# Bobcats Summer League Thread



## Diable (Apr 26, 2005)

http://www.nba.com/bobcats/orlando_summer_league_100630.html

This is actually a pretty interesting roster as there are quite a few invitees who have made rosters in the past and might make one next year. I wonder if we signed Sherron Collins to any sort of deal as who knows what will happen with Raymond. I don't think he's really an NBA player, but if lose Raymond then someone is going to get a shot with us.

I just realized that Darius Miles is on the team. I guess he heard about the local skunkweed.

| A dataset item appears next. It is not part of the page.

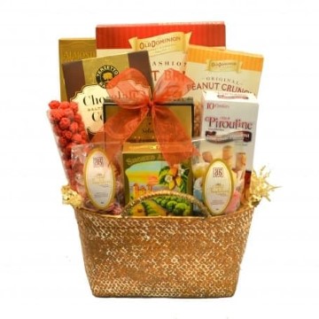 This is a classic gift basket gift for any occasion. Our Savory Sweets Gift Basket is filled with peanut brittle & crunch, dried fruit, smoked almonds, french roasted peanuts, chocolate salted caramel cookies and more! A gift basket filled with sweets and savory snacks that all will love!
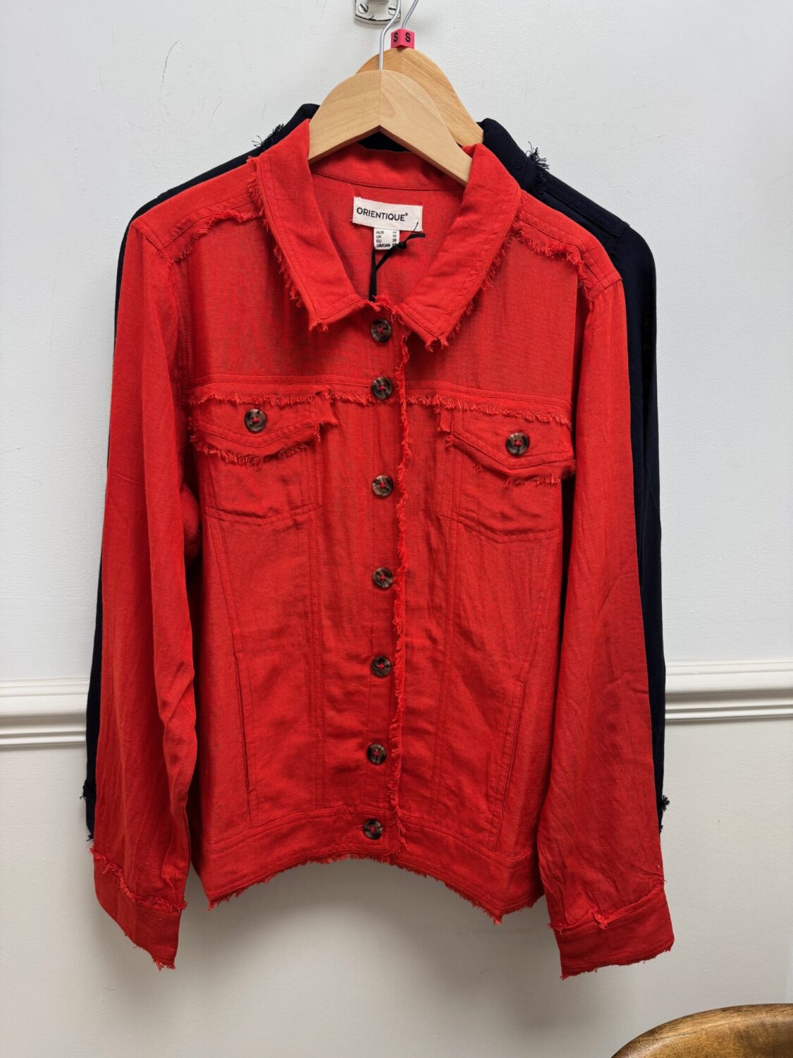 Western style jacket in two plain colours, button front two breast pockets and long sleeves.

> The Charlotte Bobcats announced today the team’s invitees for its 2010 summer camp held July 1-4 at the RDV Sportsplex in Orlando, Florida. Current Bobcats Alexis Ajinca, Gerald Henderson and Derrick Brown headline a group that also includes six collegiate standouts not selected in the 2010 NBA Draft.
> 
> The Bobcats will compete in the 2010 AirTran Airways Pro Summer League from July 5-9. The 20-game event will include the Orlando Magic, New Jersey Nets, Philadelphia 76ers, Indiana Pacers, Oklahoma City Thunder, Utah Jazz and the 2010 Eastern Conference Champion Boston Celtics. Charlotte assistant coach Dave Hanners will serve as Head Coach during the team’s five games.
> 
> ...


----------